* Dataset section:
******

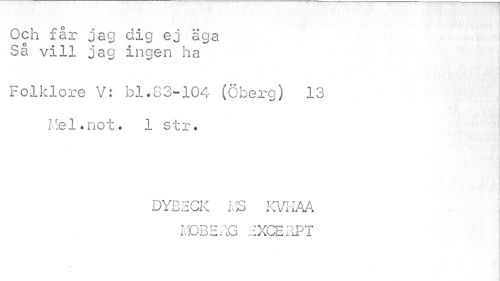 //// Och får jag dig ej äga Så vill jag ingen ha //// Folklore V: bl.83-104 (Öberg) 13 | //// * //// Mel.not. 1 str. //// ¦ //// DYBECK L'£ KVIIAA I.DBSRG EXCERPT ////
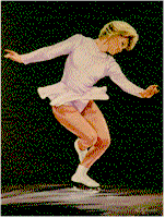 Angel with a blue dress on, Janet Lynn performs a ballet on ice.
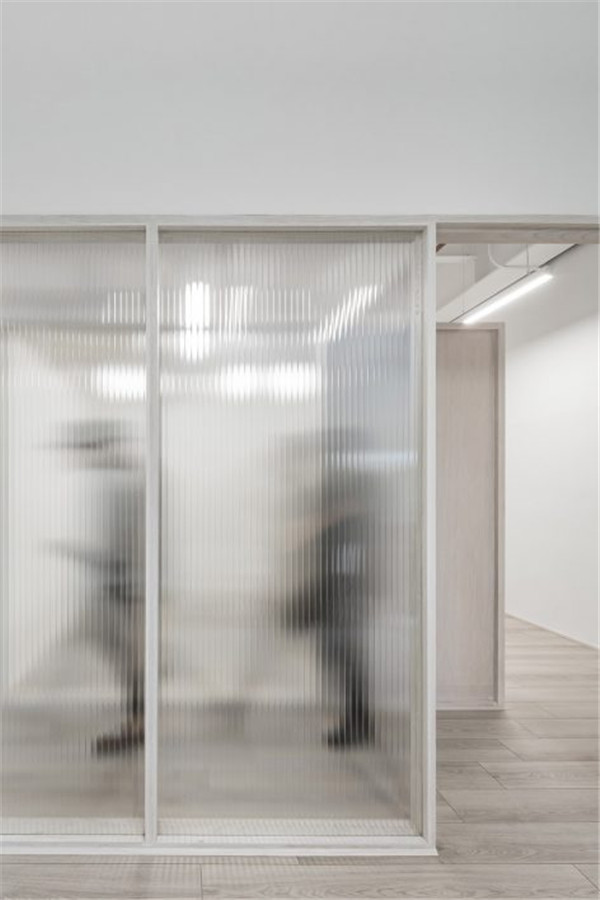 設(shè)計(jì)師在辦公室改造設(shè)計(jì)材料的選擇和項(xiàng)目的模塊化上放了不少心思,希望做到盡可能的少浪費(fèi)。固體和半透明的嵌板按照商業(yè)需要的尺寸被組裝起來(lái),空間利用率大大提升。
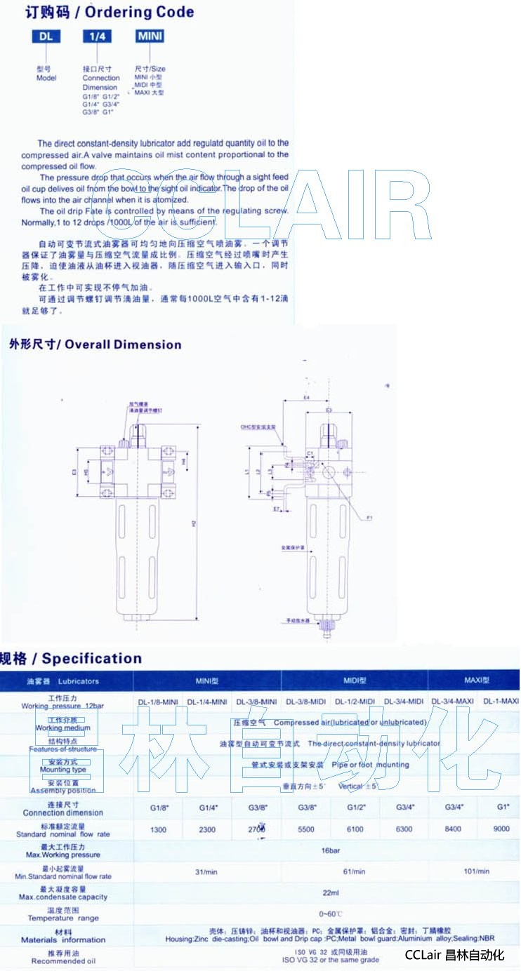 詳細(xì)信息 DL-1/8-MINI,DL-1/4-MINI,DL-3/8-MINI,油霧器

******

Return every line above word for word, minus images.

* Your response:
 //// Och får jag dig ej äga Så vill jag ingen ha //// Folklore V: bl.83-104 (Öberg) 13 | //// * //// Mel.not. 1 str. //// ¦ //// DYBECK L'£ KVIIAA I.DBSRG EXCERPT ////
 Angel with a blue dress on, Janet Lynn performs a ballet on ice.
 設(shè)計(jì)師在辦公室改造設(shè)計(jì)材料的選擇和項(xiàng)目的模塊化上放了不少心思,希望做到盡可能的少浪費(fèi)。固體和半透明的嵌板按照商業(yè)需要的尺寸被組裝起來(lái),空間利用率大大提升。
 詳細(xì)信息 DL-1/8-MINI,DL-1/4-MINI,DL-3/8-MINI,油霧器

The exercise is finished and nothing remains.